→ **Dataset records**

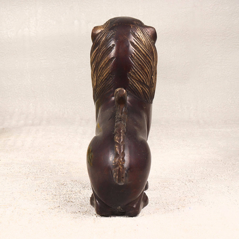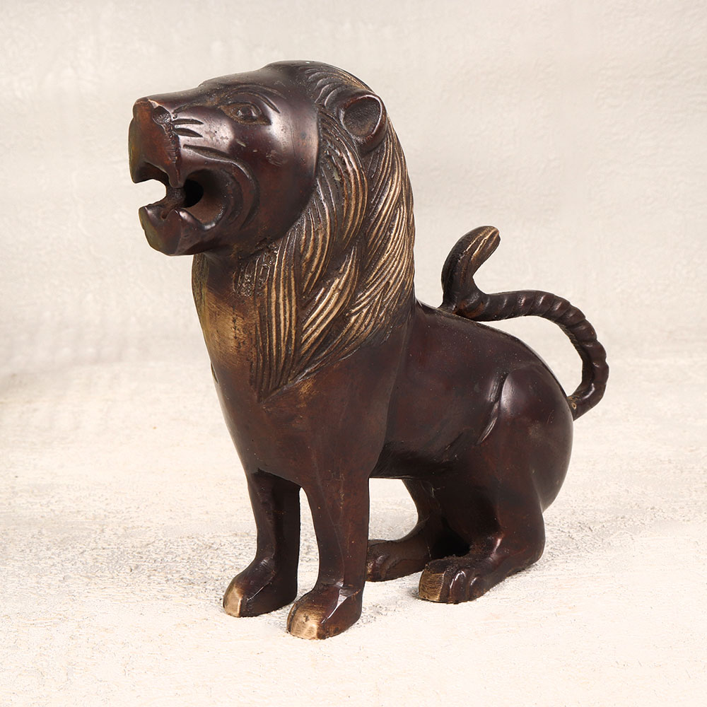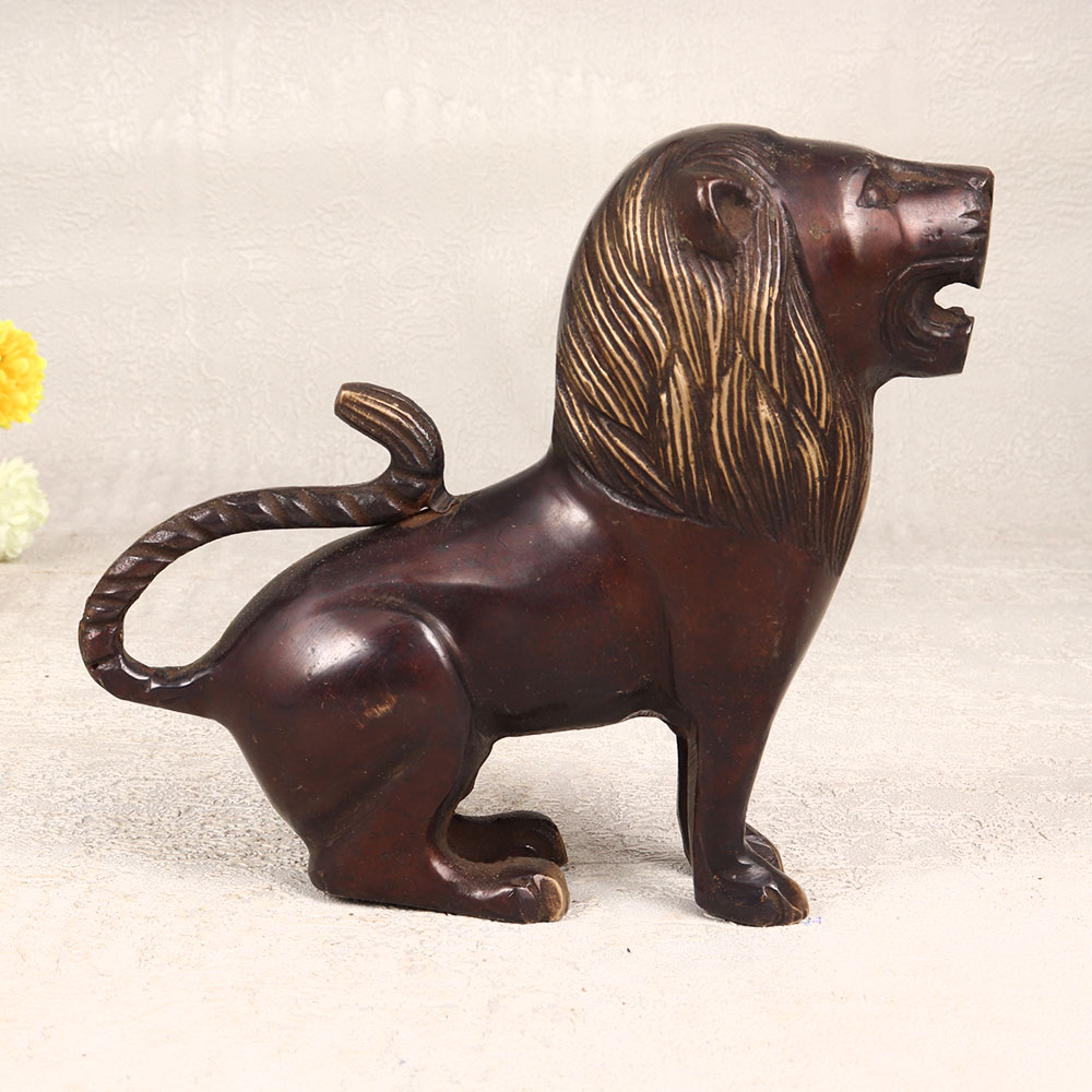 A Brass Lion Statue that is a magnificent piece of artistry crafted by highly skilled and experienced Indian artisans. Standing proudly with regal poise, this awe-inspiring lion statue boasts a lustrous dark brown finish, adding a touch of sophistication to any space. Handmade with precision and care, the statue is forged from high-quality brass, ensuring durability and a timeless appeal. This majestic lion statue is a versatile decor piece suitable for a variety of settings, including homes, offices, restaurants, hotels, and cafes. Its captivating presence elevates the ambiance, making it a perfect addition to both contemporary and traditional spaces. The dark brown finish accentuates the intricate details and craftsmanship, creating a visual masterpiece that captures attention and admiration. Not just a decor item, this brass lion statue can become a cherished part of vintage collections, symbolizing strength, courage, and grace. Furthermore, it serves as an impeccable gift for your family, friends or relatives during special, festive, or auspicious occasions, adding a touch of cultural richness and artistic beauty to their lives.
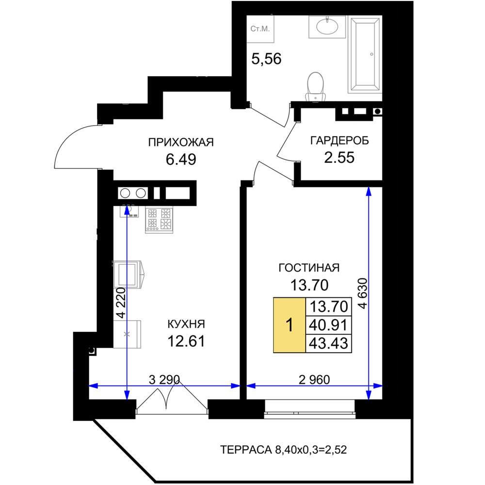 общая 43,43 м2, жилая 13,7 м2, кухни 12,61 м2 |
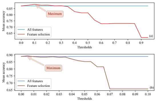 The utilized embedded method selects important features while the model is being trained. To perform EFS, the machine learning algorithms were preliminarily modeled, and the EFS process was implemented using only the training dataset. The models were trained using a 10-fold cross-validation technique that fully utilized the available data. In LR, the data should be standardized before modeling so that the regression coefficients can be compared. The key to EFS with the LR and RF models involved the determination of a threshold, and the features below this threshold value were discarded. The threshold was derived from the coefficients in LR and the feature importance in RF. We obtain the optimal threshold by drawing a learning curve that represents the change in the mean accuracy obtained after 10-fold cross-validation with different threshold values. The learning curve represents the variation in the results obtained by cross-validating the models with different quantitative features. The LR and RF learning curves are shown in Figure 5. The threshold ranges from 0 to the maximum coefficient or feature importance value. The feature selection results obtained with LR correspond to a threshold range of 0 to 0.25, showing better results than those obtained using all features; similarly, the RF feature selection results correspond to a threshold range of 0 to 0.01. The optimal threshold value for LR was found to be 0.11, and 32 features were selected. The mean accuracy of the features obtained by EFS (0.8844) was obviously higher than that for all features (0.8719). In addition, the RF model was determined to have an optimal threshold value of 0.004, and 28 features were selected. EFS likewise provided a higher mean accuracy (0.8961) than obtained when using all features (0.8891).
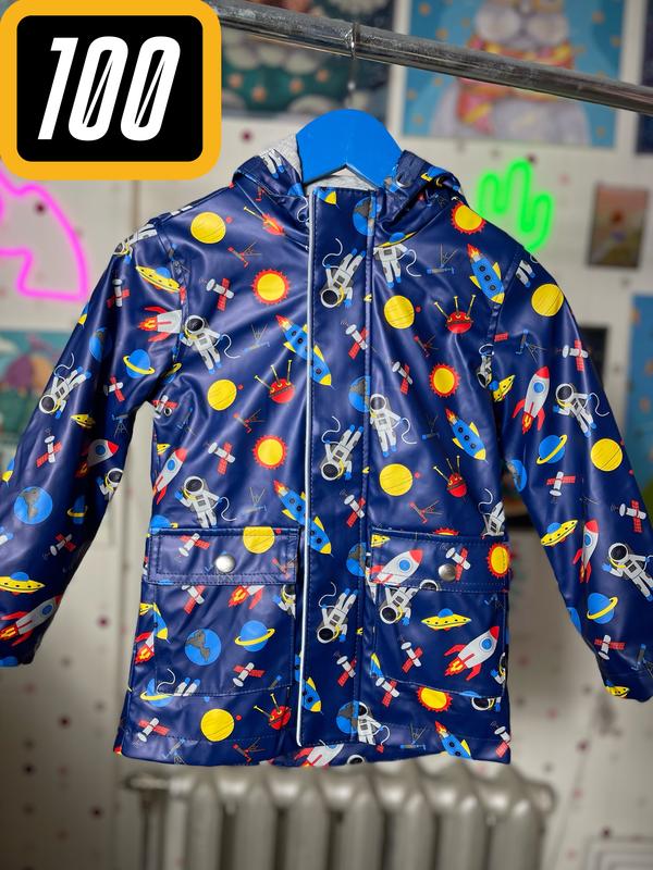 Яскравий та якісний дощовик із капюшоном. Матеріал водонепроникний, прогумований, легко миється та надійно захищає від дощу. Має зручні накладні кишені на кнопках та застібку-блискавку. Дизайн з ракетами, планетами та астронавтами точно сподобається дитині 💫 Стан відмінний, без плям та пошкоджень. Ідеально підійде для дощових прогулянок восени чи весною. 🧩 Зовні – поліуретан/поліестер, всередині – поліестер. 🏷️ Розмір 98–104 см. 💰 Ціна – 350 грн. Заміри за запитом 🫶🏻
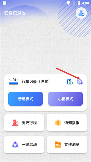 1、進入安駕記錄儀主界面,找到【行車記錄(豎置)】模塊旁的設置圖標,點擊可進入行車記錄儀設置頁面,開啟功能配置。
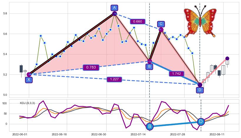 ➣ 已完成【蝴蝶】形态起点X: 2022-06-01, 终点D: 2022-08-03, 共45交易日
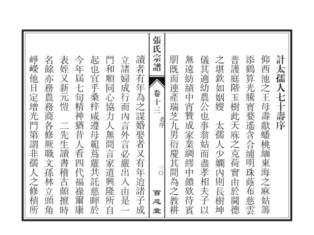 崢嶸他日定增光門第謂非孺人之修積所 名餘亦務農務商各修厥職文孫林立頭角 表姪又新元愷 今年屆七旬精神猶昔人看四代福祿爾康 起也宜乎桑梓咸遵母範蔦蘿共託慈暉於 門和順同心協力人無間言家道興隆所自 立諸婦成行而內言外言必嚴出入由是一 讀者有年為之謀婚娶者又有年迨諸子成 朋既而連產瑞芝九男衍慶其間為之教耕 無遠紡績中宵贊成家業綢繆中饋欸待賓 儀其適幼農公也事翁姑而盡孝相夫子以 之堪欽如姻嫂 普護庭階玉樹此天庥之克荷實由於閫德 添鶴算光騰寳婺遙含合浦明珠蔭布慈雲 仰西池之王母壽獻蟠桃緬東海之麻姑籌 計太孺人七十壽序
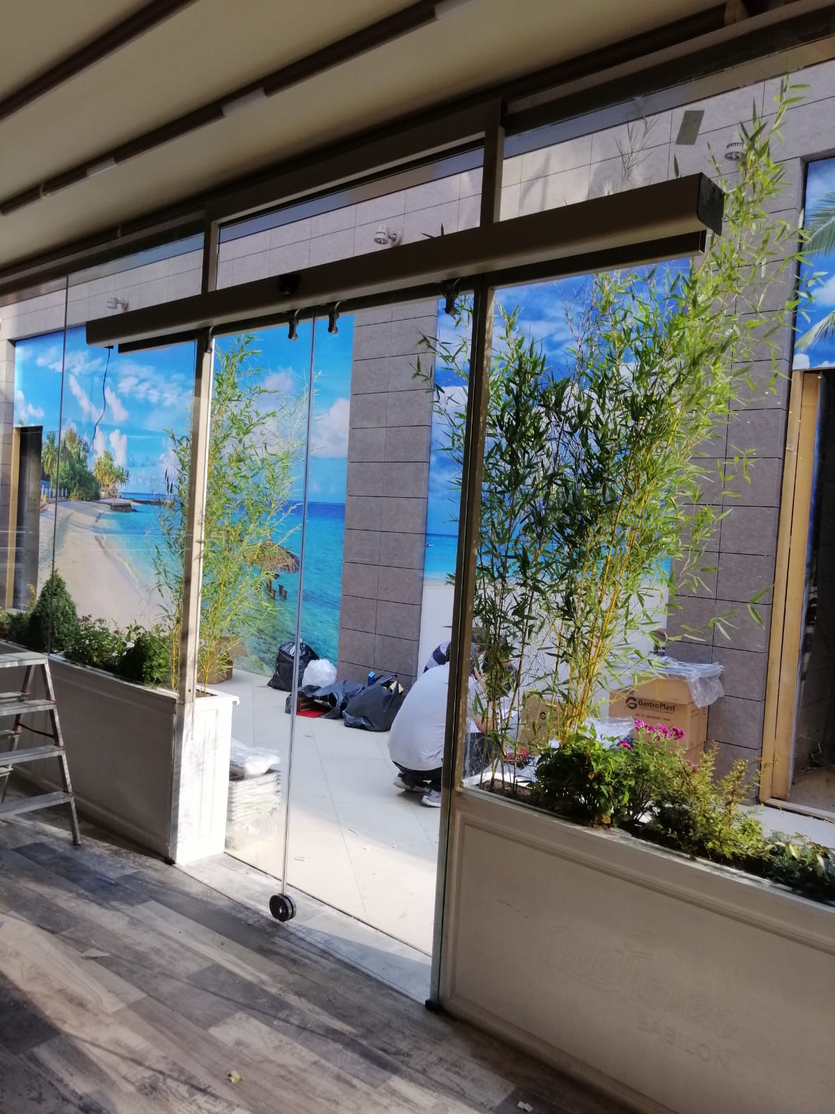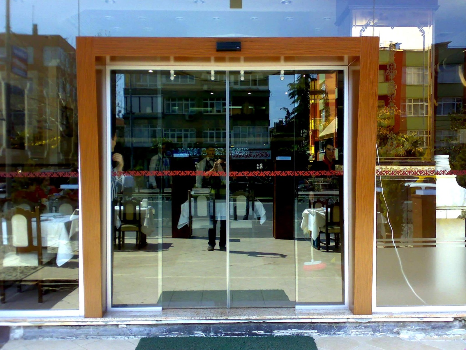 These are automatic sliding doors that require maximum transparency for aesthetic reasons. They are manufactured with a special suspended (manet) structure that holds the glass panel or by suspending the glass from above with a special profile.
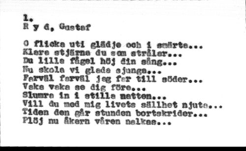 u //// Hy i, öastaf //// 0 fl t oks Uti ?1M Je och i safirte... Kl*** st jffme du aöa strålar» •• //// Da 1111« fågel höj dia sång*.. //// Ha skola vt gleds sjunga... //// Farvfil farvfil Jag trT tlU söder... //// Veke vaka as dig röre... //// sitaara ia t stilla natten. • • //// till du med alg livets sHllhet njuta... //// liden den går stunden bortafcrlder..• //// Plöj nu åkern våren nalkas.••
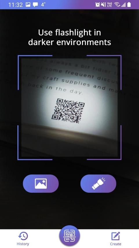 अंधेरे वातावरण में आप QR कोड / बारकोड को स्कैन करने के लिए टॉर्च खोल सकते हैं
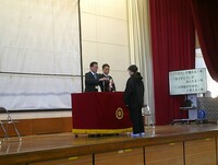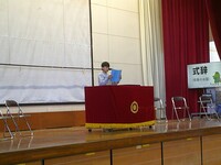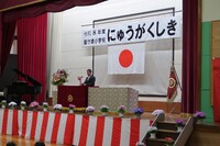 校長の式辞では、「元気に学校へ来て、たくさん学び、たくさん遊びましょう。みなさんが笑顔いっぱいで学校生活を送れることを願っています」ということと、3つのお願いとして「あいさつ」と「友だち」、「登下校の交通安全」についてお話がありました。来賓の萩原市長様からは、『「ありがとう」という言葉を大切にしてほしいこと』、「ともだち100人つくろう」とお話しされました。
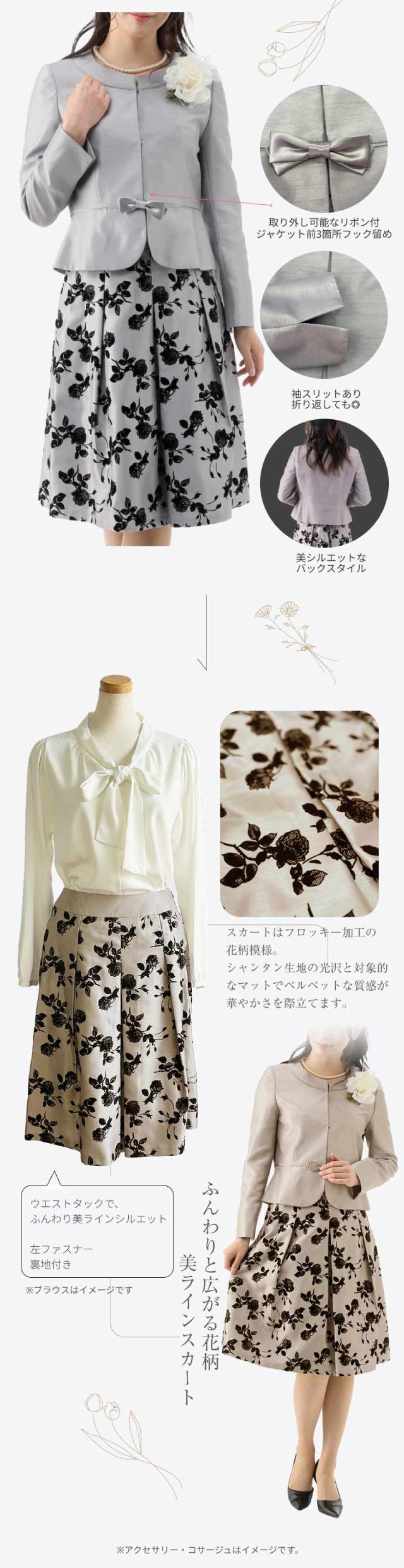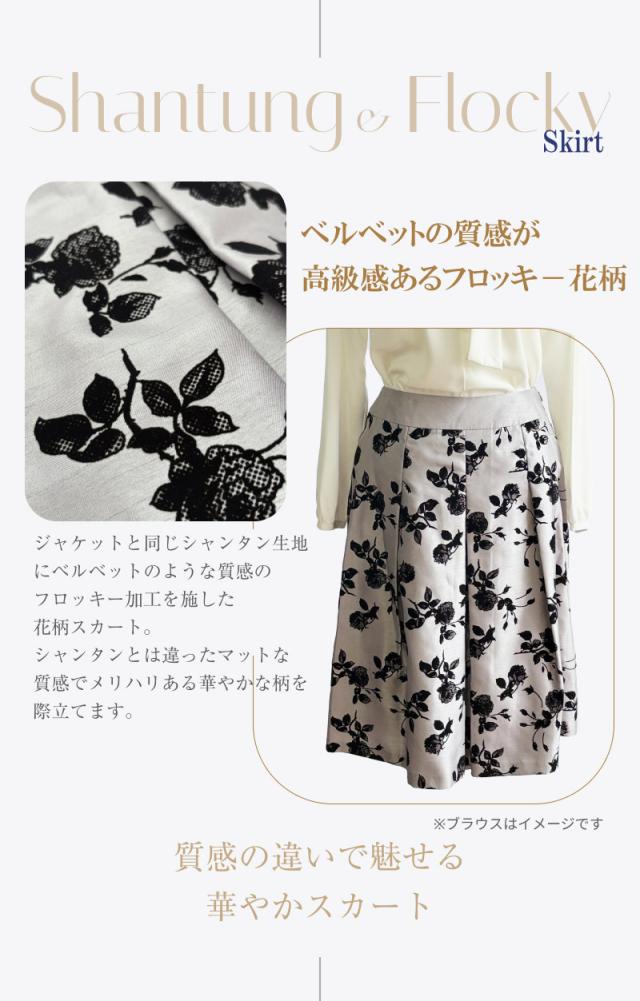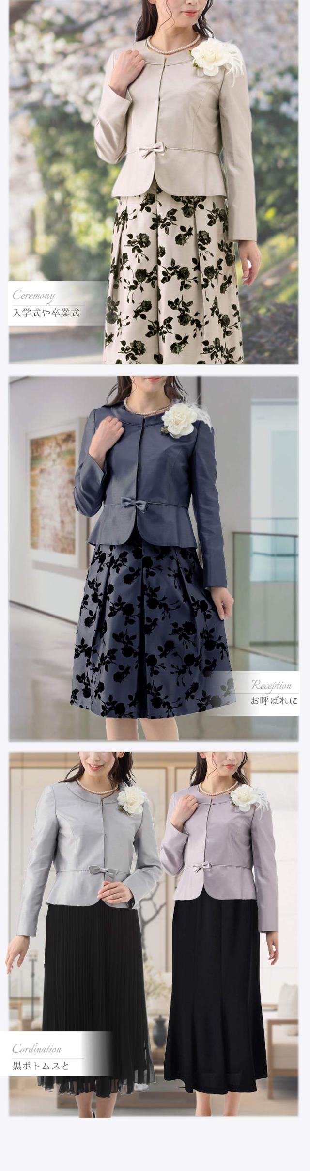 セレモニースーツの定番人気、シャンタン素材のスカートスーツに、
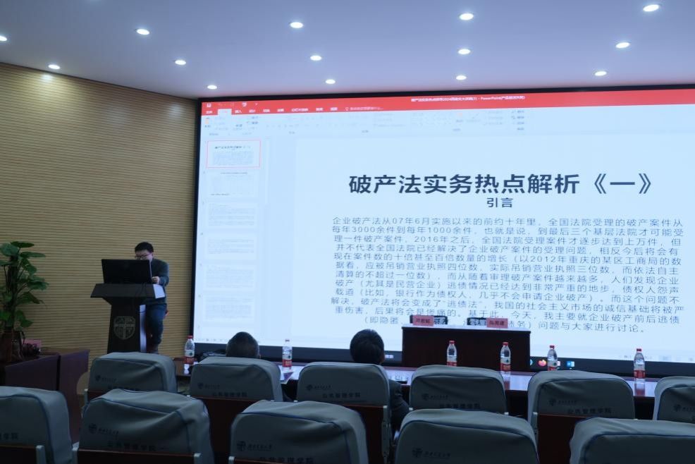 讲座开始后,郭老师首先在分析破产逃债行为所涉案件统计数量的基础上,重点探讨了破产逃债的破产法、刑法成因等热点问题。而后,郭老师还具体讲解了担保财产处置问题与未支付的执行款是否属于破产财产等问题。郭老师提到,破产法学的内容横跨实体法与程序法,涉及民商法、经济法、刑法等多个实体部门法,其调整对象、立法目的的多元化的特殊性决定了公权力在破产法中不同于其他民商事法律的地位。
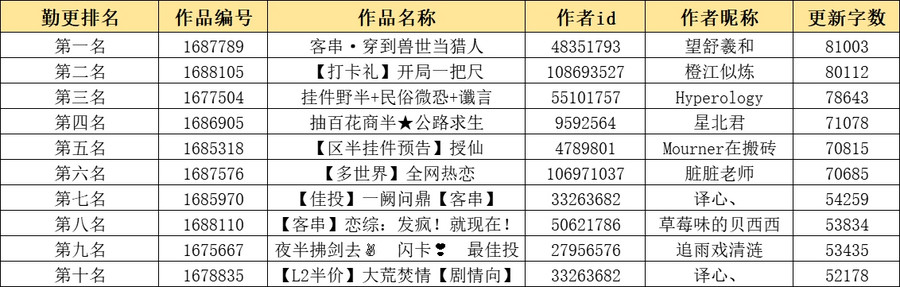 勤更奖励不分阵营,按更新字数总排名计算,最低要求阶段更新大于20000字(含首发);

→ **Directions**
What is needed is an exact copy of only the lines above from the one with "1、進入安駕記錄儀主界面,找" to the one with "崢嶸他日定增光門第謂非孺人之修積所 名餘亦務農務商各修厥職文孫林立頭角 表姪又新元愷", both kept, with every picture left out.

→ **Answer box**
 1、進入安駕記錄儀主界面,找到【行車記錄(豎置)】模塊旁的設置圖標,點擊可進入行車記錄儀設置頁面,開啟功能配置。
 ➣ 已完成【蝴蝶】形态起点X: 2022-06-01, 终点D: 2022-08-03, 共45交易日
 崢嶸他日定增光門第謂非孺人之修積所 名餘亦務農務商各修厥職文孫林立頭角 表姪又新元愷 今年屆七旬精神猶昔人看四代福祿爾康 起也宜乎桑梓咸遵母範蔦蘿共託慈暉於 門和順同心協力人無間言家道興隆所自 立諸婦成行而內言外言必嚴出入由是一 讀者有年為之謀婚娶者又有年迨諸子成 朋既而連產瑞芝九男衍慶其間為之教耕 無遠紡績中宵贊成家業綢繆中饋欸待賓 儀其適幼農公也事翁姑而盡孝相夫子以 之堪欽如姻嫂 普護庭階玉樹此天庥之克荷實由於閫德 添鶴算光騰寳婺遙含合浦明珠蔭布慈雲 仰西池之王母壽獻蟠桃緬東海之麻姑籌 計太孺人七十壽序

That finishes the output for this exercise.